The Prussian model included the following elements:
- The state/government was considered the absolute authority in society;
- Individuals had value only as they contributed to the state; they lived to serve the state;
- Compulsory attendance in class was required by the state;
- A uniform curriculum was taught throughout the country;
- To ensure that the curriculum was taught in accordance with the state’s wishes, all teachers were trained by the state—no one could teach who didn’t go through the state system;
- Parents who disagreed with this system, or who tried to educate their children differently, would be punished.
There probably wasn’t an education system in existence anywhere at that time that could have been more at odds with the American spirit than this one. It also contradicted the freedom of the will that most of Protestant Christianity espoused. The family was subordinated to the state and parents had no say in how their children would be educated.
Yet the Protestant evangelicals adopted this system.
While it’s true that not every aspect was adopted, particularly the first two premises, all the rest were, and they obviously contributed to the idea, over time, that the state was paramount and that the individual should be serving the state.

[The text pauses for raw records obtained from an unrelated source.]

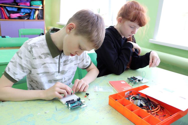 Вместе с педагогом Светланой Назаровой ребята занимались сборкой светофора с тремя мигающими светодиодами на основе Arduino.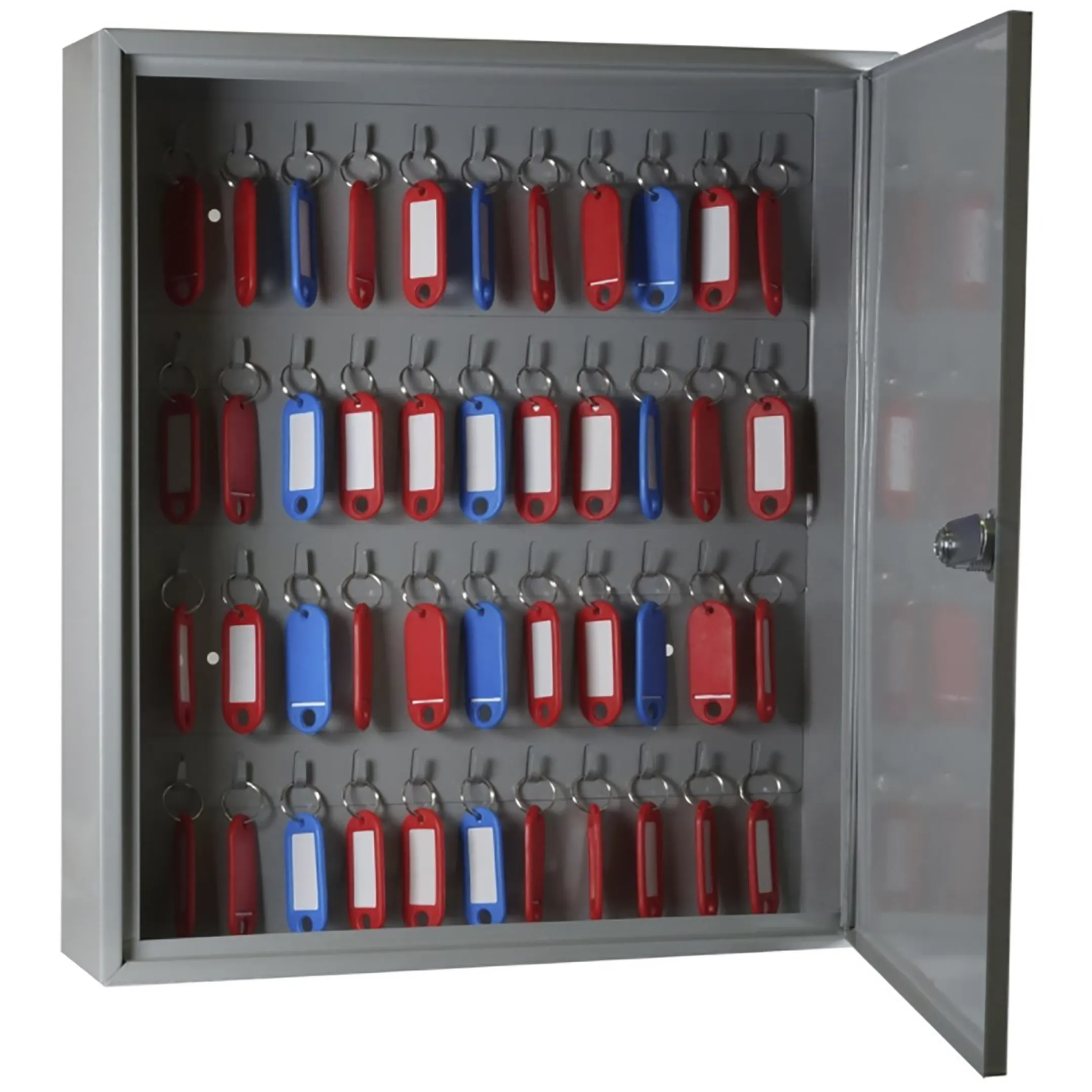 - Компактность и достаточная вместимость для типовых задач — ключница рассчитана на хранение 40 ключей, что является оптимальным решением для объектов с ограниченным количеством помещений, таких как небольшие офисы, студии, салоны, кабинеты или пункты приема клиентов. Ее размеры позволяют легко разместить шкаф на стене в удобном месте, не занимая много пространства.
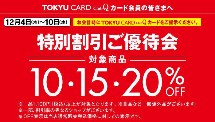 【TOKYU CARD ClubQカード会員の皆さまへ】特別割引ご優待会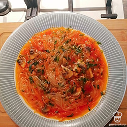 В кипящий суп добавляем фунчозу. Варим еще 1 минуту. Суп готов.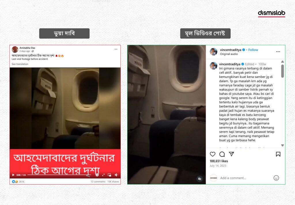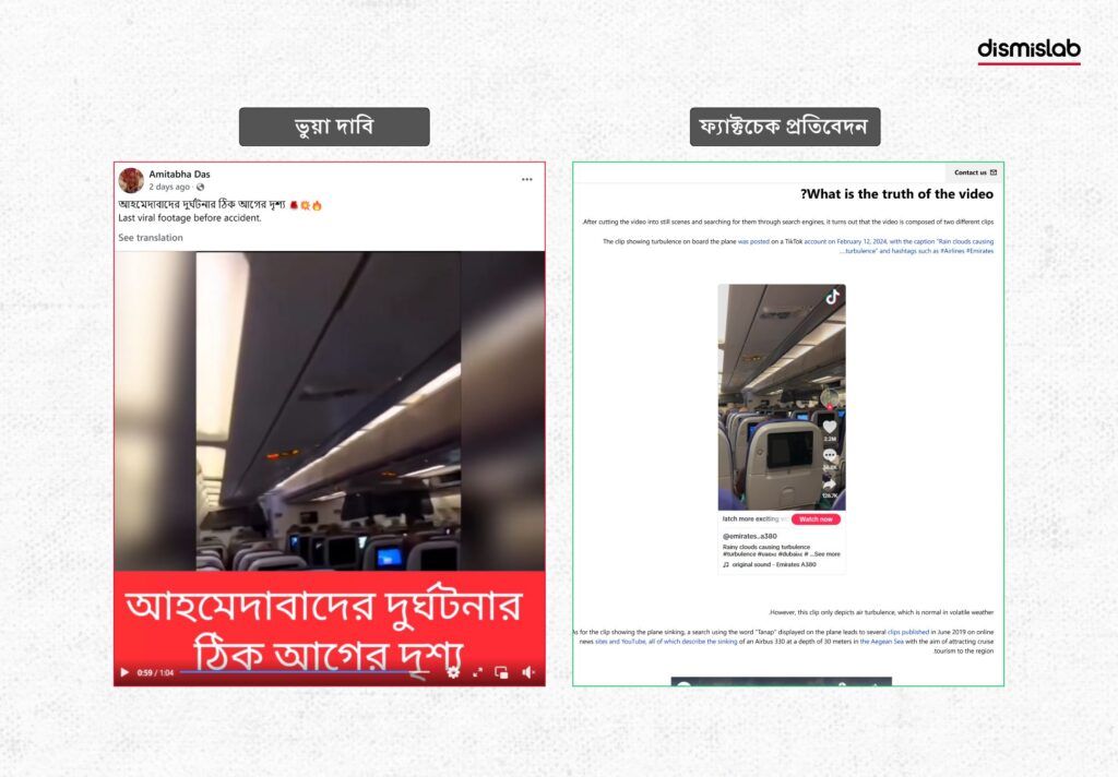 অর্থাৎ, পুরোনো তিনটি ঘটনার আলাদা ফুটেজ কেটে নিয়ে তা সম্পাদনা করে ফেসবুকে ছড়িয়ে দেওয়া হয়েছে সাম্প্রতিক আহমেদাবাদ বিমান দুর্ঘটনার ঠিক আগের দৃশ্য দাবিতে, যা সত্য নয়।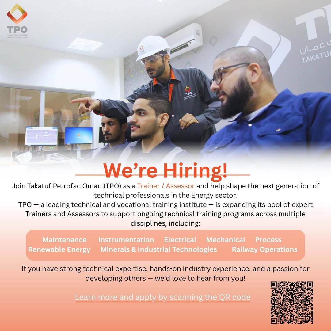 معهد تكاتف بتروفاك عمان - فتح باب الانضمام لفريق المدربين والمقيّمين من ذوي الخبرة إذا كنت تمتلك خبرة فنية وميدانية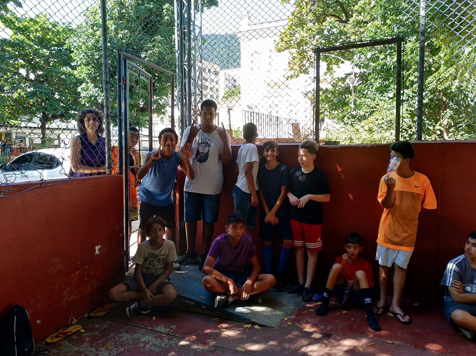 Como nossa escola não tem quadra, corremos atrás de uma parceria e a Universidade Cândido Mendes, muito próxima, gentilmente nos cedeu a sua.

Protestants were able to control this system for a few decades, but when the beliefs of the intelligentsia changed with the ascendance of evolutionary philosophy, Christian faith was no longer the dominant viewpoint. The structure then began to disseminate false ideology throughout the system, state by state.
You see, while most evangelicals today protest the public school’s lack of discipline or political correctness [both of which are valid complaints], I have to go one step deeper in my critique. What I oppose is the system itself. Once it was set up, all it took was for a new philosophy to gain the upper hand, and that new philosophy would then be promoted in all schools.
Who says the government should be telling us what to teach? Where did that idea come from? Well, certainly not the Scripture, which places responsibility for education squarely on the shoulders of the parents. When the state is in control, it can dictate what should be taught. It can even create a cult of personality around the leader of the state.
Scary.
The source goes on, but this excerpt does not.